Обыкновенно такие личности становятся, по мнению Ломброзо, во главе тайных
обществ. заседающих в кафе или политическом клубе, делаются основателями новых
сект и т.д. Тщеславные до крайней степени, они зачастую совершают преступления
из желания прославиться, забывая при этом, что вместе с утратой престижа
лишаются и честного имени, и уважения окружающих, чего они так страстно
добивались.
Интеллектуальные маттоиды - это, по мнению Раджи, те неудержимые болтуны,
которые, раз заговорив, уже не могут остановить потока своего красноречия, даже
если бы и желали этого. Находясь под влиянием какого-то лихорадочного
умственного возбуждения, они говорят без логической связи и нередко приходят к
выводам, совершенно противоположным тому, что они хотели доказать. Иногда у них
бывает необыкновенно развита память, так что они запоминают целые страницы из
прочитанного или же хорошо помнят только числа, иностранные слова, но забывают
черты лица даже своих друзей. Такие субъекты очень мало отличаются от
душевнобольных, страдающих горделивым помешательством и пр., и часто становятся
ими при первом же поводе.
Разновидность того же типа, соединяющую
интеллектуального маттоида с моральным или аффективным, представляют графоманы.
Отличительная особенность маттоида - преувеличенное мнение о себе, о своих
достоинствах и вместе с тем исключительно ему свойственная способность
высказывать свои убеждения больше на бумаге, чем на словах или на деле, не
возмущаясь нисколько теми невзгодами и противоречиями, которые на каждом шагу
встречаются в практической жизни и обыкновенно не дают покоя как гениальным
людям, так и сумасшедшим.

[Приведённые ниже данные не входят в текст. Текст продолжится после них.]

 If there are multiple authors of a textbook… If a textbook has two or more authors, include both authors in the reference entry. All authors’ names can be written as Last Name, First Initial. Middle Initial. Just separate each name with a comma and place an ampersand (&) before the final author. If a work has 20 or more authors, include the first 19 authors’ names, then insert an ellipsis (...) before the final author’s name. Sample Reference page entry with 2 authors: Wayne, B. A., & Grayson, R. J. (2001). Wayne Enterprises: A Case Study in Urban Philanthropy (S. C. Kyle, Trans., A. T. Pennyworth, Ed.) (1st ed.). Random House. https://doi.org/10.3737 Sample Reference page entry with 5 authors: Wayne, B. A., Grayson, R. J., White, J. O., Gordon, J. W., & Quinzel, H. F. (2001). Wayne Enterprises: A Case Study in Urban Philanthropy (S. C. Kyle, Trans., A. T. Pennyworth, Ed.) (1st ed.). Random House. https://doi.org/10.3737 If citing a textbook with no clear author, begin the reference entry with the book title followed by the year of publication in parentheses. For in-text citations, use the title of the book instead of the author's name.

Ненормальность писателей-маттоидов не всегда легко
заметить, если бы, при всей кажущейся серьезности и увлечении данной идеей, - в
чем они обнаруживают сходство с мономаньяками и гениальными людьми, - к их
сочинениям не примешивалось зачастую множество нелепых выводов, постоянных
противоречий, многословия и главным образом себялюбия и тщеславия, составляющих
преобладающее свойство гениальных людей, лишившихся рассудка.
Гито намеревался спасти республику, убив ее
президента, и провозгласив себя великим законоведом и философом.

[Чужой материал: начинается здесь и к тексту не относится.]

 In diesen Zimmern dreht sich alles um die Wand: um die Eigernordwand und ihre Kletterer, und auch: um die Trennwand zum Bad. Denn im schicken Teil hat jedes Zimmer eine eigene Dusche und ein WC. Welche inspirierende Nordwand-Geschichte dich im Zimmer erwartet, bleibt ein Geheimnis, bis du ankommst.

Леру, знаменитый парижский депутат, веривший в
переселение душ и в каббалу, так определил любовь: “идеальность реальности
одной части целого в бесконечном существе и пр.”.
Асгиль утверждал, что человек может жить вечно, лишь
бы у него была вера в бессмертие.
Филапанти признавал существование трех Адамов и с
величайшей точностью определял, в каком именно году они жили и чем занимались.

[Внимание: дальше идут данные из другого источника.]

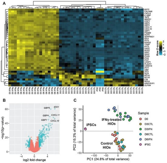 We next performed differential gene expression analysis between untreated and treated HIOs to determine which genes are regulated by IFN-γ. Of the 41,181 probes detected on the Illumina HumanHT-12 v4 BeadChip, 16,113 met our filtering criteria. Of these, 4959 were determined to be differentially expressed between the control and IFN-γ treated groups (Benjamini–Hochberg false discovery rate adjusted p < 0.05) with 326 genes differentially expressed by a log2 fold change ≥ ±1.2 and adjusted p-value < 0.05 (Figure 3B). The majority of these genes were determined to be upregulated in IFN-γ-treated versus controls (237 upregulated, 89 downregulated). Principal component analysis (PCA) using all genes meeting the filtering criteria separated iPSCs from HIOs along principal component 1 (PC1), which represents 24.8% of the total variance in the data (Figure 3C). Separation along PC1 is largely driven by the enrichment of pluripotency genes in iPSCs such as POU5F1, NANOG, LIN28A, and SOX2, which are the top genes in the PC1-negative direction; and enrichment of intestinal genes such as CDX2, OLFM4, KLF5, CEACAM, TFF, and MUC genes which represent the top genes in the PC1-positive direction enriched in HIOs. PC2 separates IFN-γ-treated HIOs from untreated controls, with day 3 and day 6 HIOs being interspersed throughout each treatment cluster (Figure 3C), again suggesting minimal differences between day 3 and day 6 timepoints.

Бывает, однако, что среди хаотического бреда в
произведениях маттоидов-графоманов попадаются совершенно новые, здравые
суждения.
Пассананте в своих статьях, и особенно в разговоре
иногда высказывал меткие оригинальные суждения, заставляющие многих
сомневаться в том, действительно ли он сумасшедший. Например, его изречение:
“Там, где ученый теряется, невежда имеет успех”. Или вот еще другое: “История,
преподаваемая народами, поучительнее той, которая изучается по книгам”.
Впрочем, ненормальность сказывается не столько в
преувеличениях относительно той или другой тенденции, а, скорее, в
непоследовательности, в постоянных противоречиях, так что рядом с возвышенными,
иногда прекрасно изложенными взглядами встречаются суждения жалкие, нелепые,
парадоксальные, противоречащие основному плану сочинения и социальному
положению автора. При чтении таких статей невольно вспоминается Дон Кихот,
великодушные поступки которого вместо сочувствия вызывают улыбку сострадания,
хотя в иное время их, может быть, признали бы геройскими, достойными удивления.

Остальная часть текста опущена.